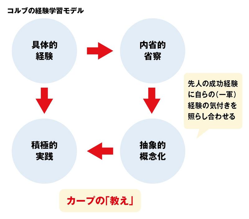 組織行動学者のデービット·コルブの経験学習モデルで考えるならばその術は、経験と省察を繰り返し、身体知を獲得する「教え」ということができるだろう。
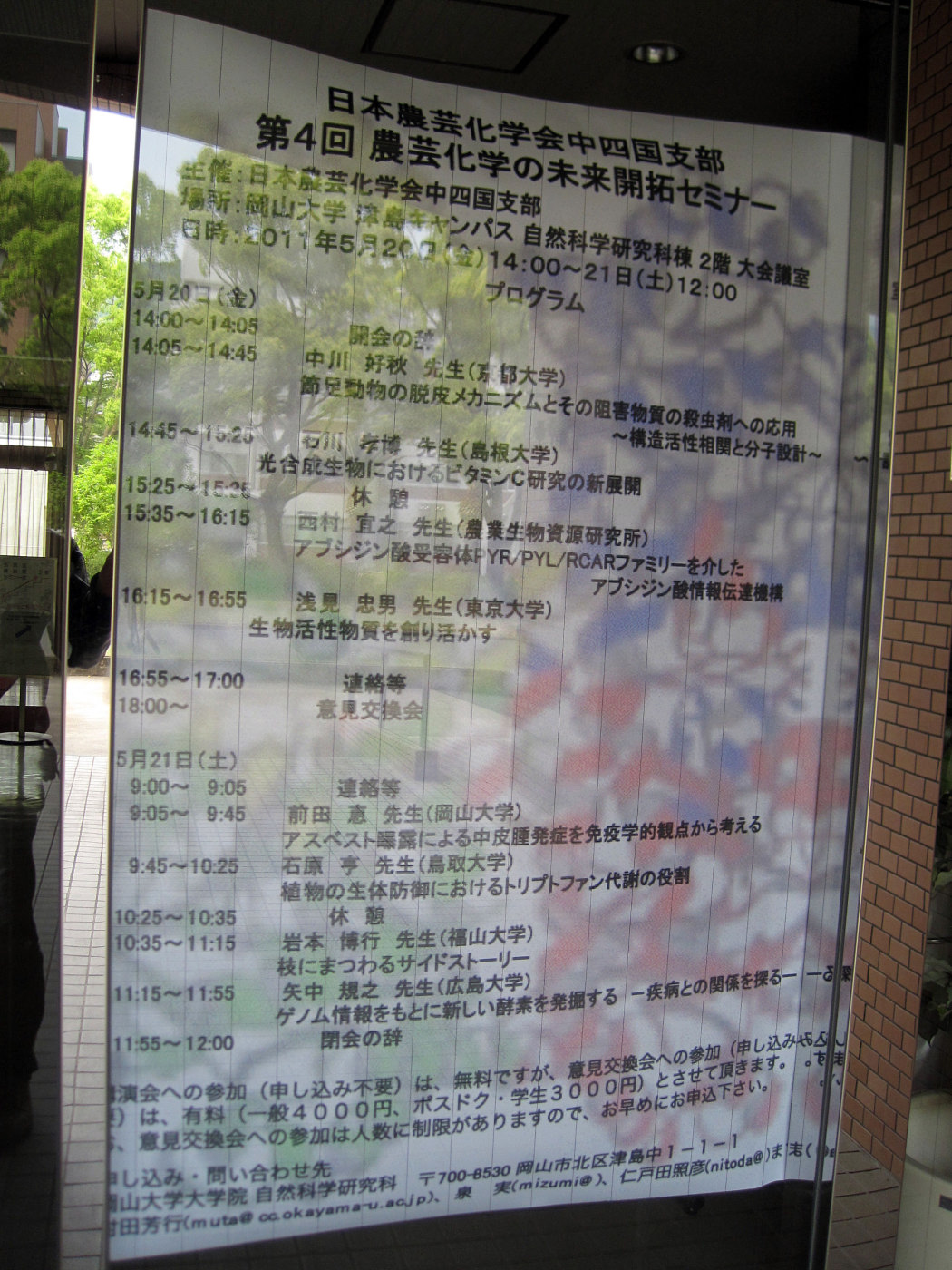 3月までうちの教室で頑張ってくれていた前田先生が,日本農芸化学会中四国支部 第4回農芸化学の未来開拓セミナーでうちの教室での仕事を紹介してくれました。
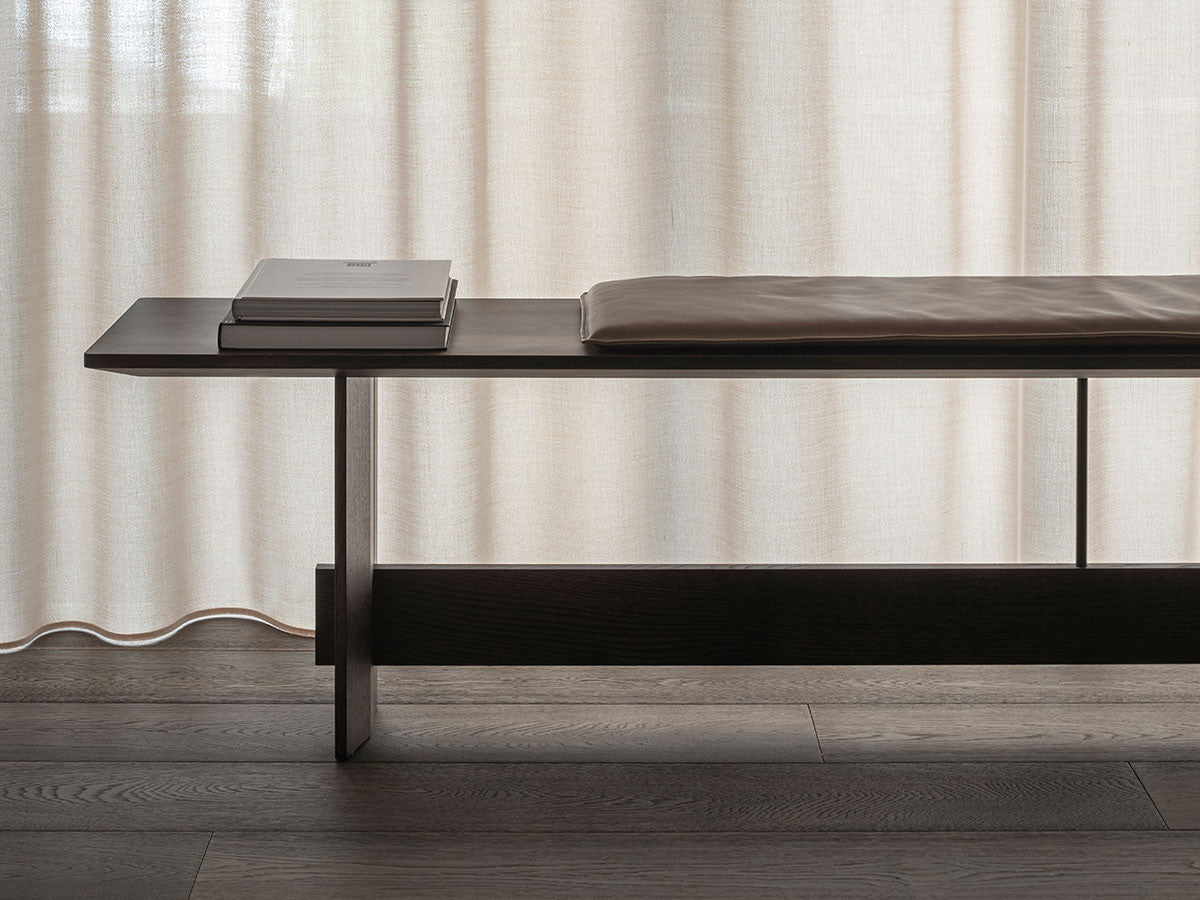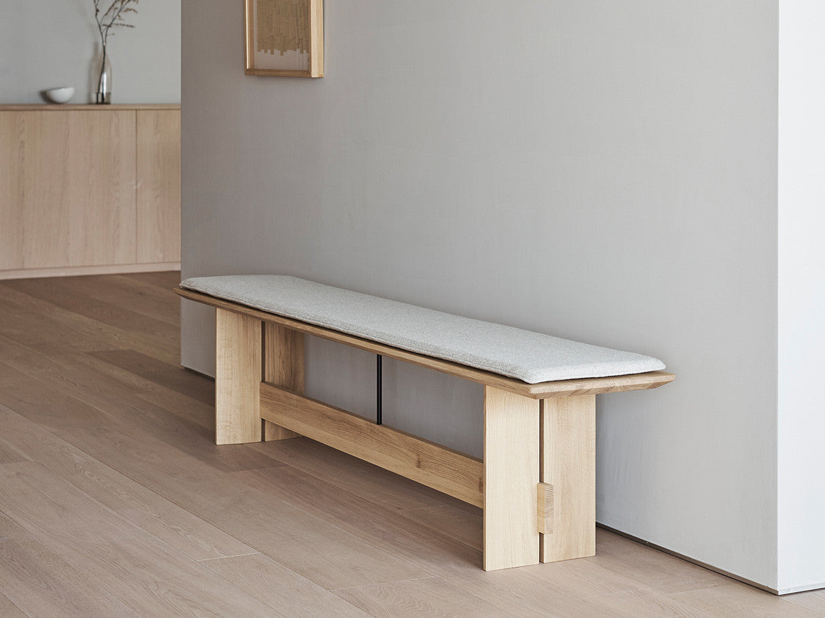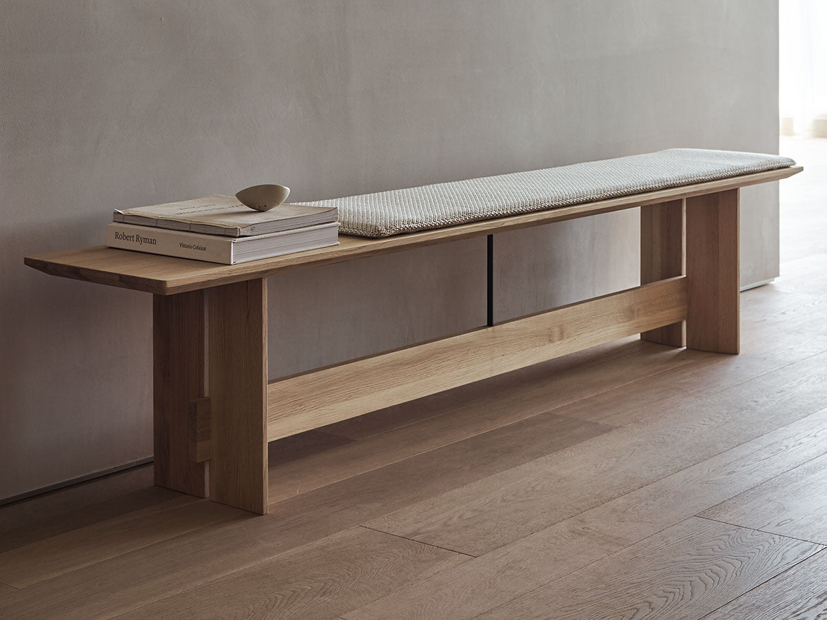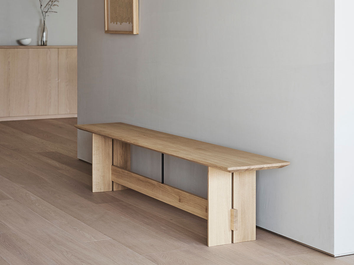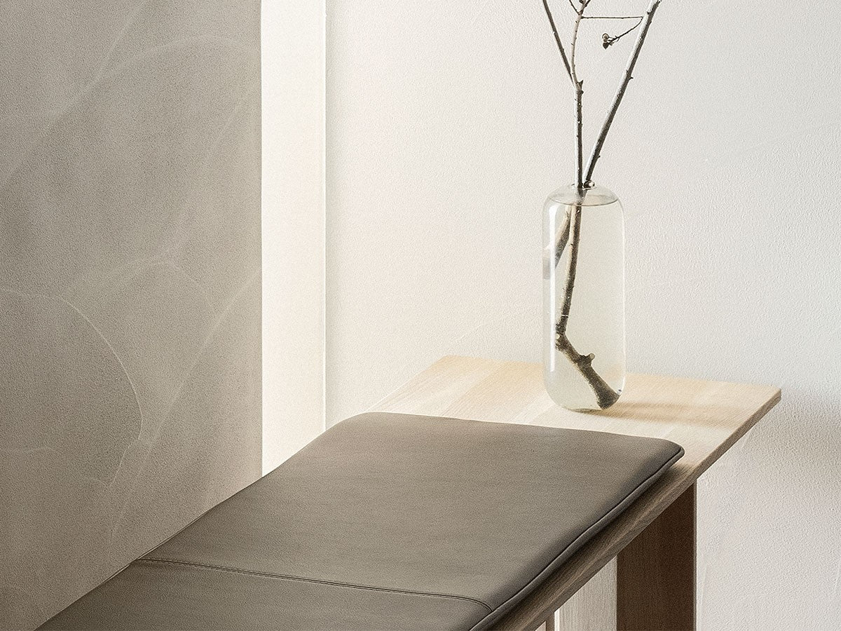 閑静な住宅街にひっそりと佇む、1988年に建てられた高級マンションの一室のリノベーションプロジェクトのためにつくられたコレクション。このベンチはエントリースペースに設置することを想定し、ベンチとして座れる機能性だけでなく飾り台としても使える形です。座面と脚のエッジを薄く見せることで生まれる軽やかさと、角材をそのまま使ったような貫材の力強さを繊細なスチールのロッドで接続し、全体のハーモニーをつくり出しています。別売で専用クッションも展開しています。

# # # # # # #

Apart from the pictures, every line of the material above is to be returned word for word.

Answer section —
 組織行動学者のデービット·コルブの経験学習モデルで考えるならばその術は、経験と省察を繰り返し、身体知を獲得する「教え」ということができるだろう。
 3月までうちの教室で頑張ってくれていた前田先生が,日本農芸化学会中四国支部 第4回農芸化学の未来開拓セミナーでうちの教室での仕事を紹介してくれました。
 閑静な住宅街にひっそりと佇む、1988年に建てられた高級マンションの一室のリノベーションプロジェクトのためにつくられたコレクション。このベンチはエントリースペースに設置することを想定し、ベンチとして座れる機能性だけでなく飾り台としても使える形です。座面と脚のエッジを薄く見せることで生まれる軽やかさと、角材をそのまま使ったような貫材の力強さを繊細なスチールのロッドで接続し、全体のハーモニーをつくり出しています。別売で専用クッションも展開しています。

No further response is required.